There were significantly increased relative liver weights in males receiving 300 or 3000 ppm.
In 3000 ppm females slightly increased absolute and relative weights of the adrenals were observed (each p < 0.01).
Statistically significantly decreased absolute weights of the epididymis, testis, prostate at 3000 ppm and of the brain in male and female rats at 3000 ppm are attributed to differences in body weights.
There were decreased absolute spleen weights in 300 and 3000 ppm males, most likely due to decreased body weights as relative spleen weights were unaffected.
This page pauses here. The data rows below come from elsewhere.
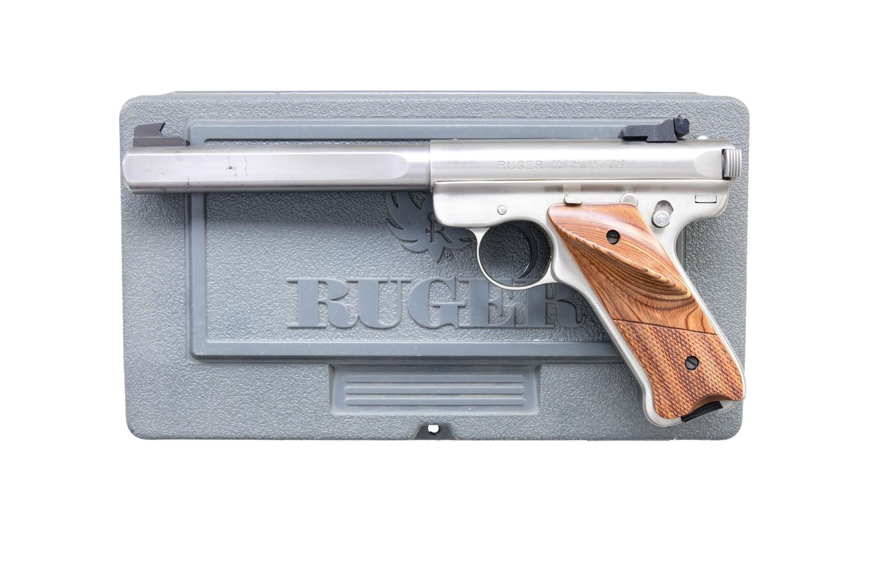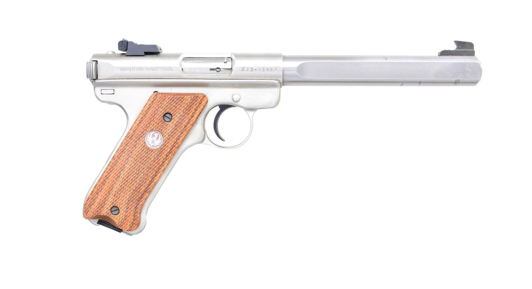 0186 SEMI AUTO PISTOL. Cal. 22 LR. S# 223-85869 (mfg. 2000). This Ruger Mark II Competition Target Model features a stainless steel finish with a 6.875-inch slab-sided barrel. The front sight is a fixed blade, and the rear sight is an adjustable notch. The grips are checkered brown laminate with Ruger medallion. MAGS: 1-10 Rds. CONDITION: Overall condition is very good to near excellent with approximately 95% of the stainless finish remaining on the slide and frame showing stains on barrel. The bore is bright with sharp rifling. MODERN (24-4841/MD) $300-$450.
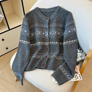 现货秋冬新款韩版设计感圆领套头复古提花撞色毛衣女针织衫开衫女
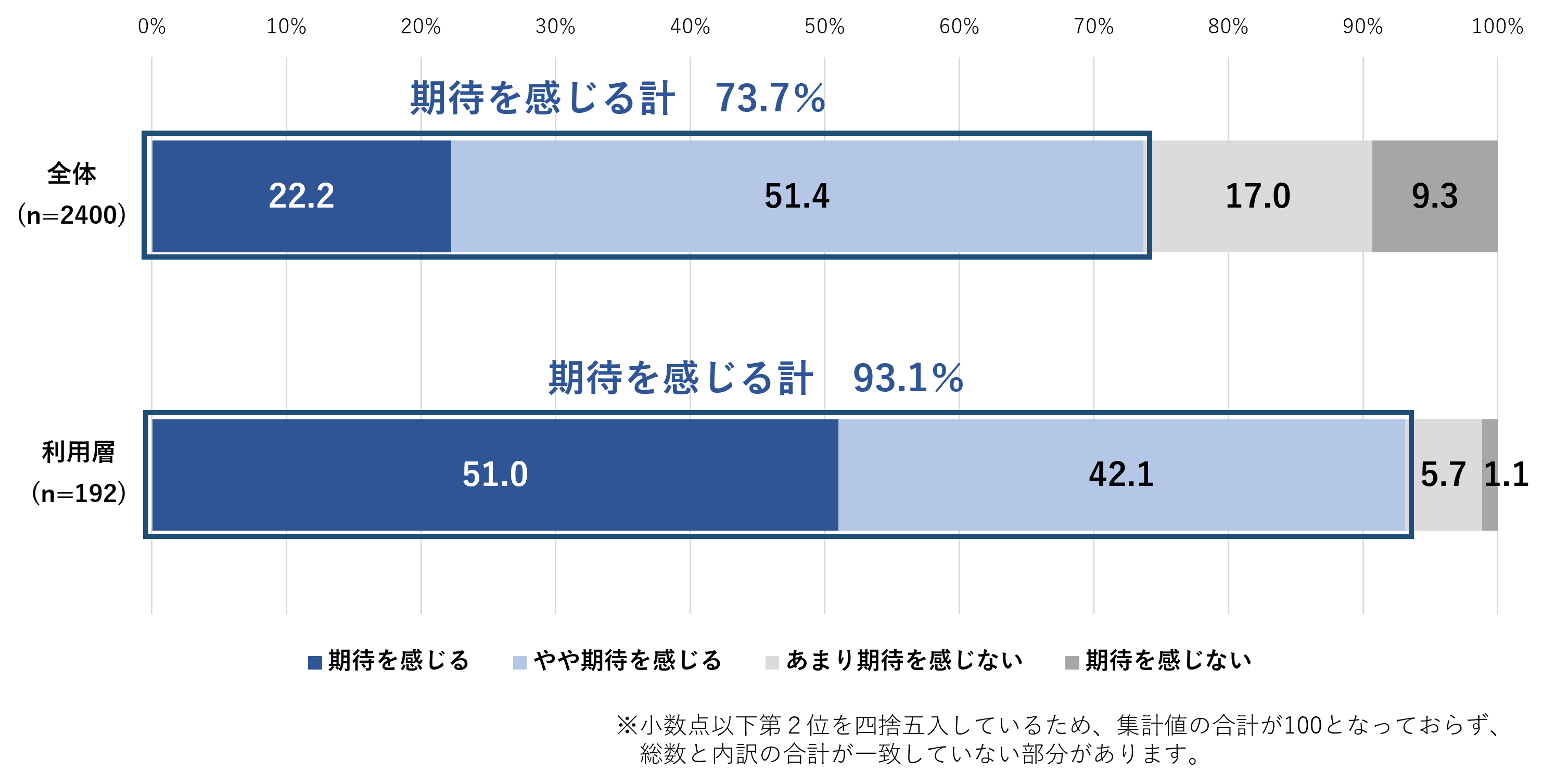 AI技術全般への期待について聞いたところ、AIに「期待を感じる」との回答は全体で73.7%。
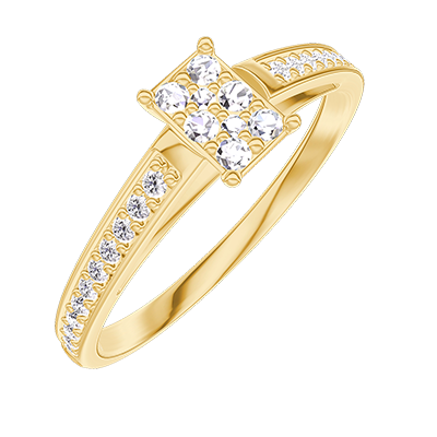 « L'ATELIER » Nº209205Pierścionek Żółte złoto 750 - Klaster naturalnych diamentów Prostokąt odpowiednik 0.3 - Oprawa Diament
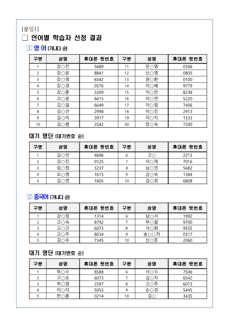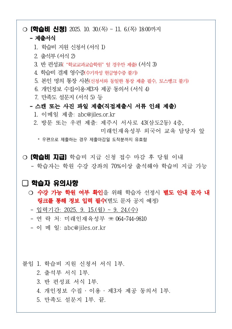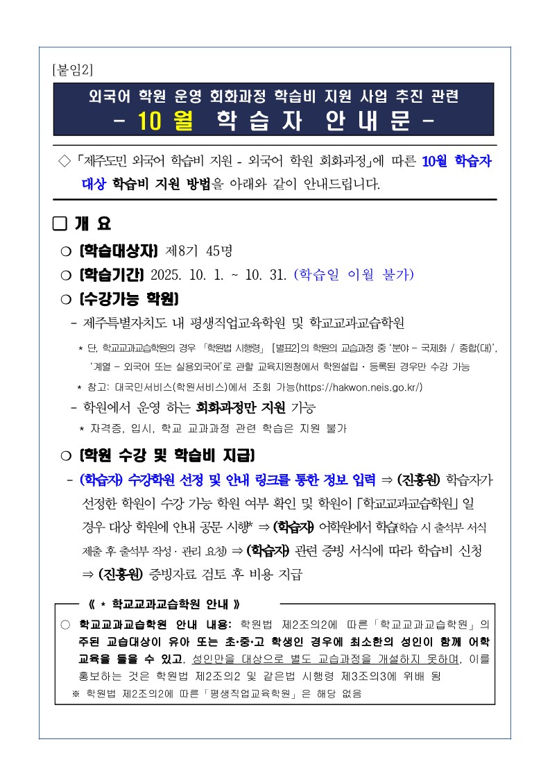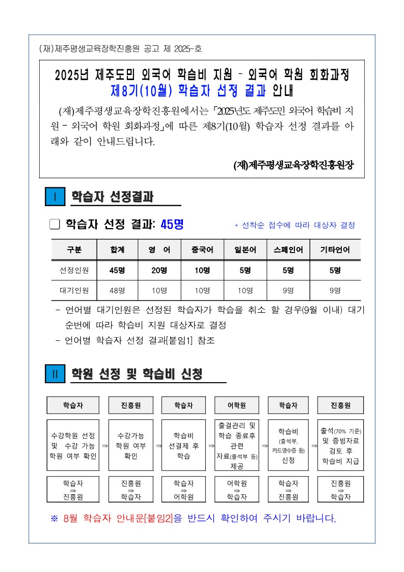 | 제 목 | 2025년 제주도민 외국어 학습비 지원 - 외국어 학원 회화과정 제8기(10월) 학습자 선정 결과 안내 | ||
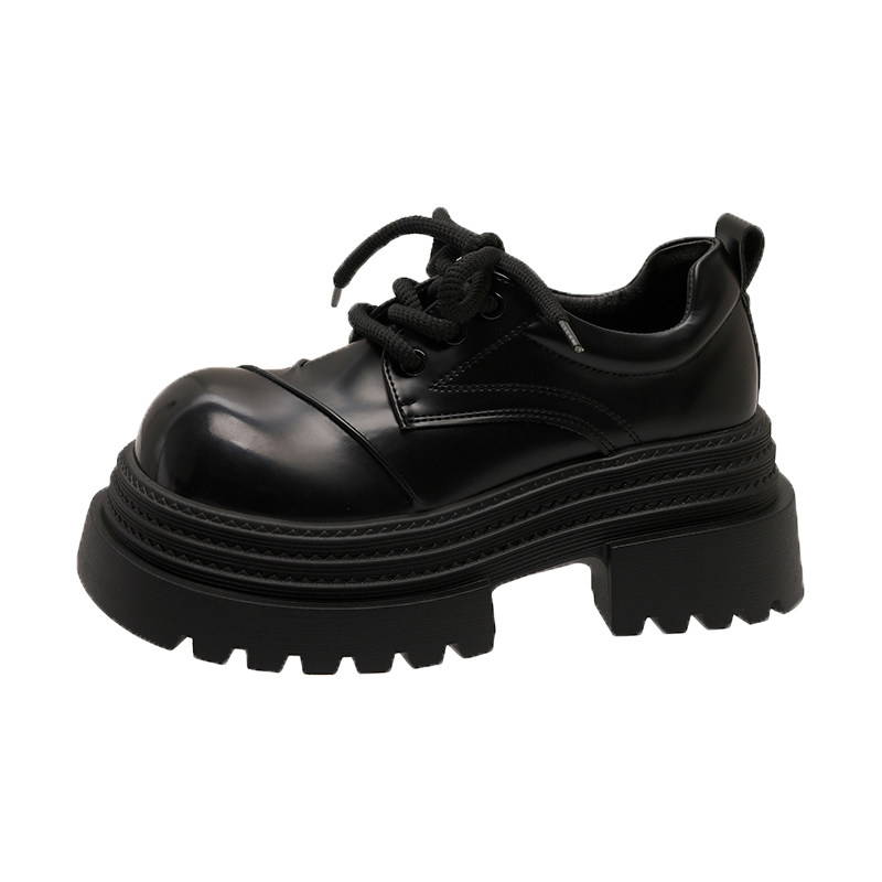 厚底小皮鞋女2025新款春秋季英伦风松糕增高圆头日系复古乐福单鞋
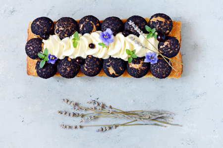 Dessert Saint Onore. Berry pie. Puff pastry tart with profiteroles, butter cream, black currant jam with fresh mint, lavender flowers and berries. Gourmet french dessert on gray background.
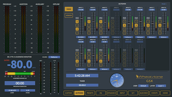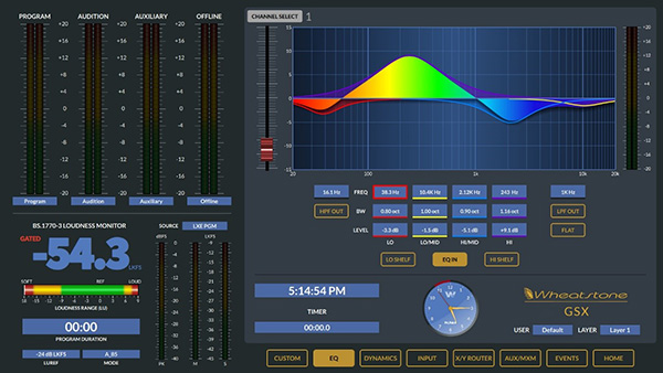 GSX无缝连接到WheatNet-IP智能网络,并利用BLADE在单根CAT6互连电缆上传输音频,控制和相关逻辑数据。该系统几乎可以提取和转换所有音频格式:麦克风和线路电平模拟,AES / EBU,SPDIF,AoIP,MADI,SDI甚至是AES67。包括响度测量,相位控制和完整的EQ / Dynamics。
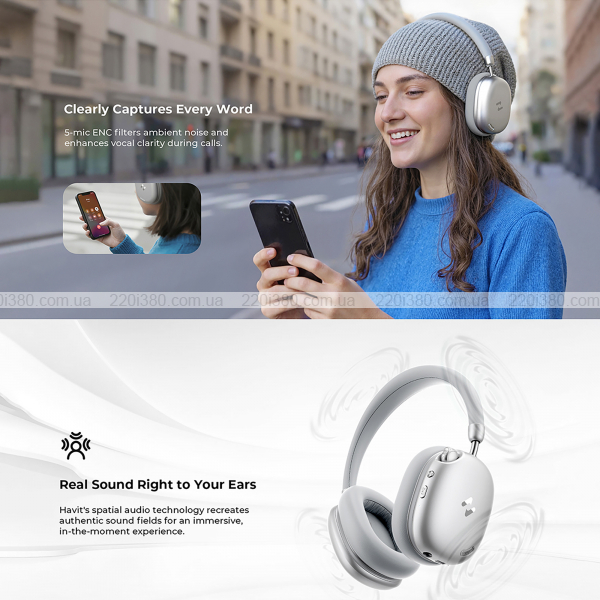 Навушники накладні бездротові HAVIT H670BT "SPACE S1" ANC Silver
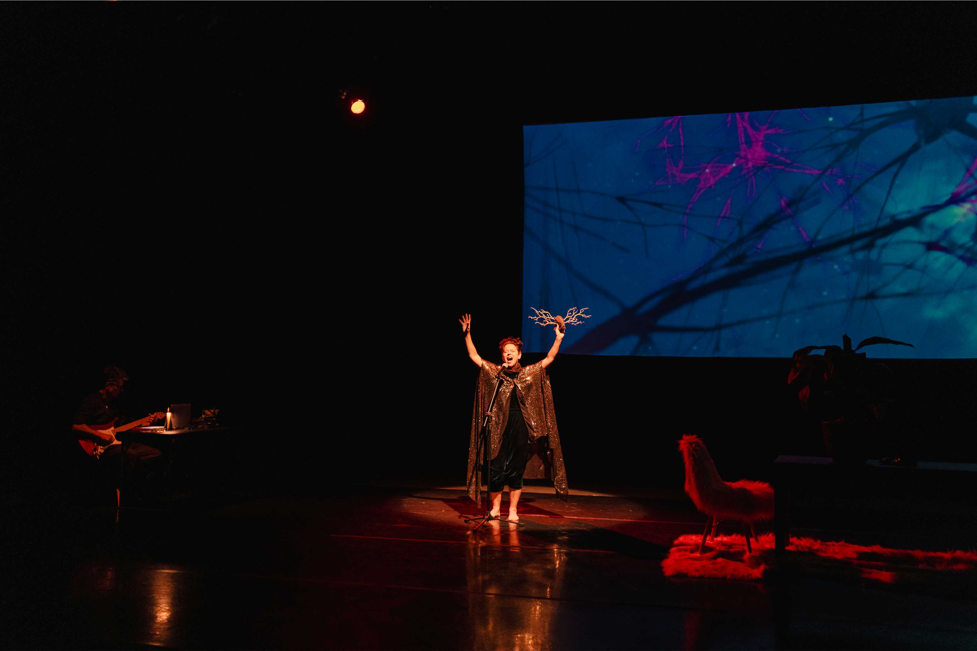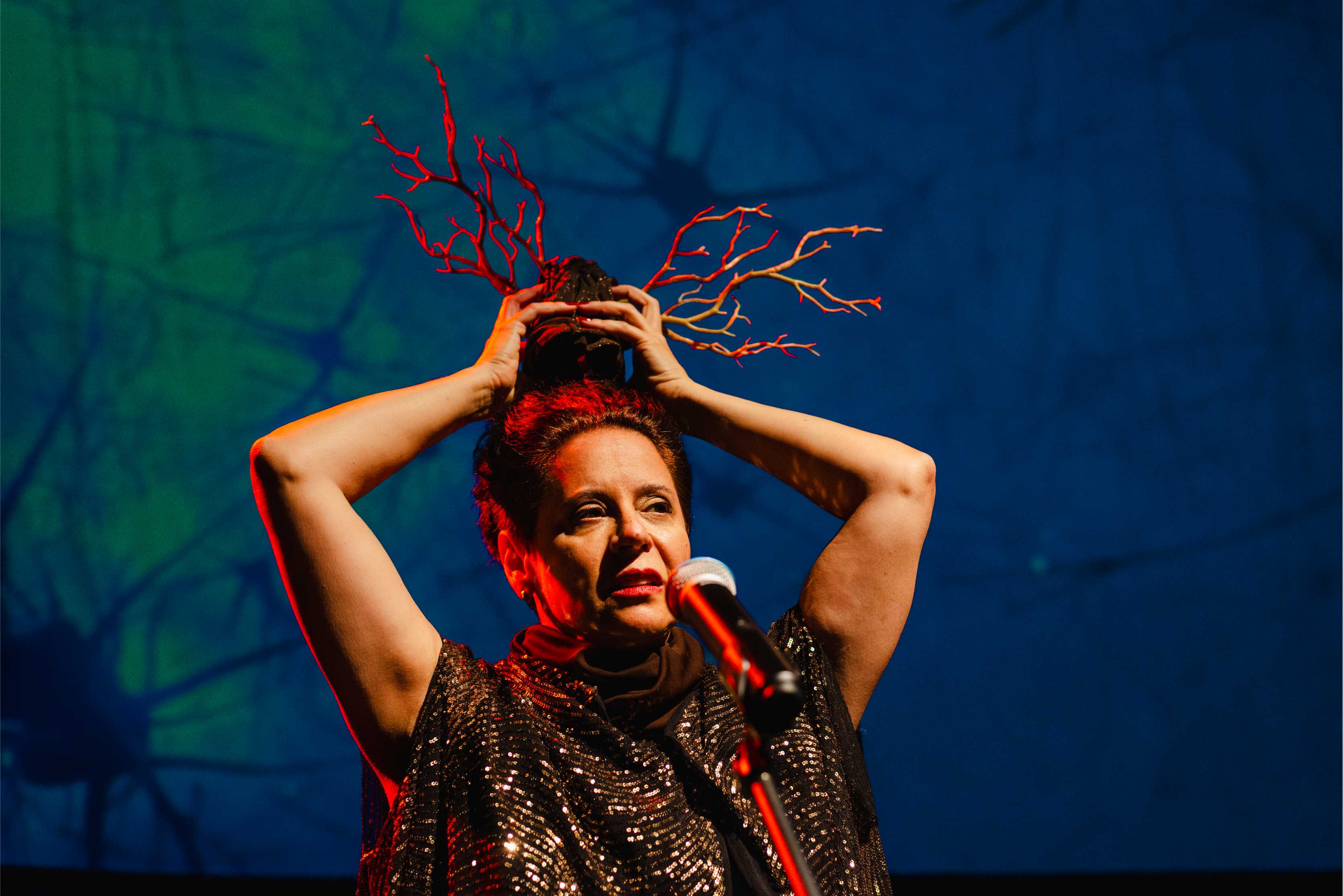 O espetáculo apresenta a figura da mulher galhada, personagem que se conecta aos mundos vegetal, animal e mineral do Cerrado, evocando paisagens, sons e símbolos desse bioma que é o berço das águas brasileiras. A encenação combina música ao vivo, projeções, poesia e performance, convidando o público a uma experiência sensorial e reflexiva.
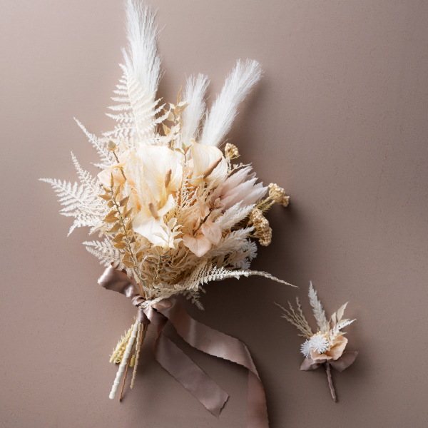 | 内容 | ブーケ×1、ブートニア×1 【主な花材】 アンスリウム、プロテア、ライスフラワー、アスパラファーンなど |
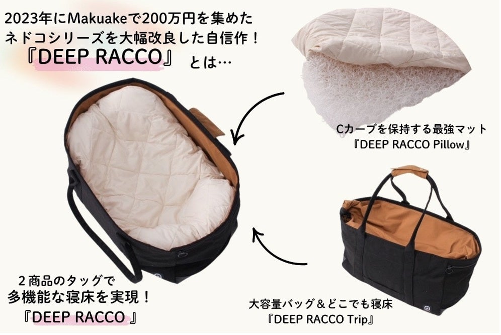 『DEEP RACCO』とは、Makuakeで約200万円を集めた大人気ネドコシリーズを大幅に改良した自信作です。

See Attachment 4 for mean absolute and relative organ weights of parental F1 parental animals (attached background material).
Gross pathological findings:
effects observed, treatment-related
Description (incidence and severity):
Eye opacities were noted in one 300 ppm male and fourteen 3000 ppm males as well as in two 3000 ppm females.
Neuropathological findings:
not examined
Description (incidence and severity):
Not applicable.
Histopathological findings: non-neoplastic:
effects observed, treatment-related
Description (incidence and severity):
The eyes of parental rats showed degenerative processes of the cornea (keratitis, reactive epithelial hyperplasia, vascularisation) beginning at 300 ppm and above correlating with findings seen at clinical observations, ophthalmoscopically and/or at necropsy.
In the thyroid glands treatment-related findings were evident beginning at 30 ppm. They were characterized by colloidal alteration, pigment deposition in the follicular epithelium from 30 ppm onwards as well as a follicular cell hypertrophy at 300 ppm and above. In low dose females the thyroid gland was only marginally affected. In the absence of functional changes to the thyroid or progression to further histopathological changes at this dose, these findings are regarded to be non-adverse.

Further findings in the pituitary gland, kidneys and liver were only noticed in males:
In the anterior part of the pituitary gland of males treated at 300 ppm there was an increase in the number of eosinophilic inclusions.
The liver of 300 and 3000 ppm males was showing hepatocellular hypertrophy and cytoplasmic change indicating an increased metabolic activity induced by the test compound. However, there was also a slightly increased periportal fat accumulation in high dose males.
In males treated at 300 ppm and above signs of an enhanced aging process ("early progressive nephropathy") were evident. This was concluded, because incidence and/or grade of basophilic tubules, tubular dilation with hyaline casts increased by dose. In most cases (thyroid, liver and kidneys) these findings were correlated with changes in organ weights in males.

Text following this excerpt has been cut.